Easy Workouts To Do On Your Lunch Break
Everyone has times when there's more work than there is in the day. It's hard to find the time to exercise. If there's no other way to exercise, you can do these easy workouts on your lunch break. It's not as good as going to the gym and pushing yourself to the limit, but you won't have to shower after doing these. Doing something is better than doing nothing. These workouts won't replace a traditional exercise program but fill in well in a pinch.
Walk to lunch and make it a HIIT workout.
HIIT stands for high intensity interval training. HIIT isn't a specific exercise but a way of doing any exercise. It alternates between a high intensity and a recovery pace. You can walk to lunch, pushing yourself sometimes, then slowing down to recover. If traffic is busy, you may even beat those who drove. You also can use HIIT in the building. Use some of your breaks to run up and down the stairs. Just call it your office step workout.
Workout at your office.
You can do several exercises in the privacy of your office or cubicle. Create a list of exercises that don't require equipment or can use office furniture instead. When you have a minute or two, do a few sets of one of those until you complete your list. Tricep dips using a stable chair without rollers, calf raises, squats, desk push-ups, and lunges are easy to do at the office. You can do jumping jacks while standing and seated leg lifts, leg extensions, side twists, and flutter kicks when seated.

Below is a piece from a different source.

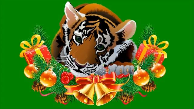 Футаж Тигренок Новогодний на хромакее рисованное видео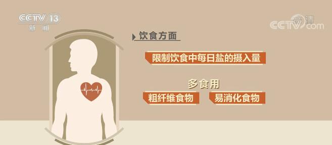 饮食方面:限制饮食中每日盐的摄入量,多食用些粗纤维食物,以及易消化的食物。

Break your workout into sections.
You don't have to do your entire exercise session at once. If you have five to ten minutes in the morning before you shower or while waiting for coffee, use that five minutes to do part of your session. You can do another session whenever you have five minutes or more of uninterrupted time. Keep a list with the entire workout and a place to check when you complete it. Keep it close so you're ready when there's room in your schedule.
- Get two sets of resistance bands, one for home and one for your office if you work outside the home. Many exercises allow you to sit and do other things while using them. Sidekicks, leg pulses, and twists are a few.
- If time is short, you can do a regular session, increase the intensity. You'll get as much benefit from a shorter but more intense workout. You can also cut the time by using the HIIT format.
- Work on flexibility on those days when your schedule is busy. Desk stretches improve flexibility and help relieve tension. Stretch your entire body. Clasp your hands together and raise your arms above your head. Bend from side to side.
- Put extra vigor into every movement to supplement your workout. If you're going up the stairs, push yourself to run up them. If you're picking up clothes, do deep knee bends to do it.